6

12.4K 702 9
                                    

Rp. 0,00. Saldo di rekening ATM. Kok, lebih sakit daripada ditolak cowok, ya? Hiks! Gini, banget nasib cewek syantik!

Aku pun keluar bilik ATM dengan menanggung sekarung pedih. Mahasiswa lain yang mengantre bergiliran masuk.

Menghela napas, aku meninggalkan tempat itu sebelum aku mengamuk dan menjarah kantong-kantong mereka.

Tapi, tenang! Aku masih mengantongi delapan puluh ribu. Rencananya mau puasa Senin Kamis. Lumayan bisa menghemat pengeluaran. Tunggu, aku kan lagi haid! Terus bagaimana kalau Kak Juna mengusirku?! Kuotaku yang sudah habis? Aku juga harus fotokopi tugas? Butuh pembalut! Sabun juga abis Odol apalagi. Deterjen. Sabun muka. Skincare! Argh!

Aku melotot, memang selama ini aku skincare-an? Kayaknya nggak, deh.

Jual ponsel aja, kali, ya? Atau laptop. Jangan, deh. Gimana kalau aku nugas?! Aku masih sayang barang-barang itu dan akan sulit mendapatkannya kembali nanti jikalau dijual.

Langit menunjukkan pesonanya. Biru menggantung cerah, sedang awan berseliweran damai, tidak memikul beban uap air, membuat iri saja.

Benda langit lainnya, kuning bulat terang berlagak sombong. Seakan mencemooh padaku, "Wahai manusia melarat, lihat aku. Aku akan membuatmu kehausan, kelaparan, dan kau akan mengutuk Tuhan!"

Aku mencibir ke arahnya, lantas abai. Lebih memilih menengadahkan tangan, "Ya, Allah minta hujan duit. Gak apa-apa receh, yang penting bisa beli makan!"

Tahu-tahu sebatang hidung mancung muncul di balik telapak tanganku. Smirk yang dulu mendebarkan, kini begitu memuakkan. Axel Adante. Most wanted-nya kampus. Cowok tampan blasteran Itali. Ke mana-mana pakai lamborghini. Konglomerat.

Sayang, fisik bagus dan harta melimpah tidak menjamin ia lelaki baik. Bahwa ia memiliki lusinan wanita, bukan lagi konon. Dugem lebih sering dari mandinya. Mesum sudah pasti. One night stand dan berganti-ganti wanita  barangkali sesering ia mengganti sempak.

Sampai sekarang aku pun bingung dengan pikiranku, setan apa dulu yang telah merasukiku pas ospek sampai menyatakan cinta ke senior satu ini?! Untung cepat sadar, kalau tidak, mungkin aku sekarang masih bagian dari wanita-wanita bodoh itu.

"Lagi butuh duit, ya?"

Pipi menggembung. Pasang muka memelas. "Ya, Kak. Pinjemin uang, dong, Kak."

"Boleh, asal cium. Nanti gue kasih lima ratus ribu." Axel memajukan bibir merah mudanya.

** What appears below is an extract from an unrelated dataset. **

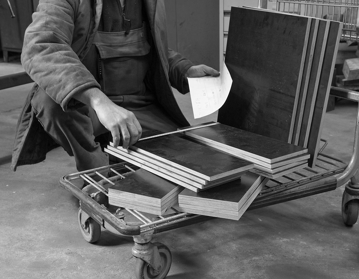 Bei den Schubladen ist vor allem Präzision wichtig – jeder Kasten muss seine Maße einzeln hergeben, da bereits kleine Spalte von 1-2 mm zwischen den Seitenwänden einfach unschön aussehen. Die Maße für die Wände hingegen hängen logischerweise von ihrer Dicke und der Anordnung ab; der Einfachheit und Stabilität halber bestehen sie bei diesem Exemplar aus 10 mm starken Filmplatten. Der Boden der Schubladen liegt dabei tatsächlich auch am Boden und die Front- und Rückseiten schließen die Seitenwände ein. Abgesehen davon, dass die Schubladen auch aus mit Tiermotiven bedrucktem Esspapier bestehen könnten, ist diese Anordnung der Platten mit Abstand am stabilsten. Der Boden verträgt dann nämlich die Zuladung von einem Doppelzentner Hackblei, während auch Arnold und Sylvester das Ding im Akkord auf- und zuschieben können, ohne dass das Material leidet.

Ia menunjuk di sana. Beberapa senti saja jaraknya di depan wajahku.

Teriakan histeris menyapa gendang telinga. Melirik ke sekeliling, aku baru sadar, para mahasiswa sedang memperhatikan kami.

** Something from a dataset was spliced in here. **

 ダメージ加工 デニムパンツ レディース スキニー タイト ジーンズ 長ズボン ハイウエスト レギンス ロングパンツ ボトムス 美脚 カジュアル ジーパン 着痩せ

Cium di bawah tatapan mereka? Alangkah beruntungnya aku. Sudah mencium cowok yang dulu aku suka, plus dapat lima ratus ribu pula. Siapa yang gak tergiur tawaran tersebut yang datangnya sekali seumur hidup?

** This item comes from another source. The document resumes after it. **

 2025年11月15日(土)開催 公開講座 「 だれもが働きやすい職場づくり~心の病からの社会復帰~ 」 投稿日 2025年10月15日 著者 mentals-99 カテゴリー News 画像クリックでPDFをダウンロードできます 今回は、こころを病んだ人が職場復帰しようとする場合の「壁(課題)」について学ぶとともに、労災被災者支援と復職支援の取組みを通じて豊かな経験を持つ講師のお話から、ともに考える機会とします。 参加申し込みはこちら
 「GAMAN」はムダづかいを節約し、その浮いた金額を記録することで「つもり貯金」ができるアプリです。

"Kak Axel, tutup mata dulu. Cinta malu kalau dilihatin Kak Axel." Aku merengek manja.

Cowok tinggi itu terkekeh dan ia mulai menutup mata. "Udah, nih!"

"Tunggu, ya. Satu ... Dua ... Ti ...."

Aku langsung sprint.

***

Sekantong plastik keperluan sehari-hari, kudapatkan setelah keluar dari toko kelontong. Di depan emperan, aku duduk lesehan untuk meminum sebotol air mineral. Haus setelah kabur dari Kak Axel.

Memang impianku untuk dekat dengan Kak Axel, tapi bukan cara merendahkan diri seperti tadi. Aku memang butuh uang, tapi tidak akan mau mendapatkannya dengan cara cium sembarangan. Enak aja, bibir suciku terlalu berharga untuk lima ratus ribu. Kalau ditawar satu miliar, baru maulah!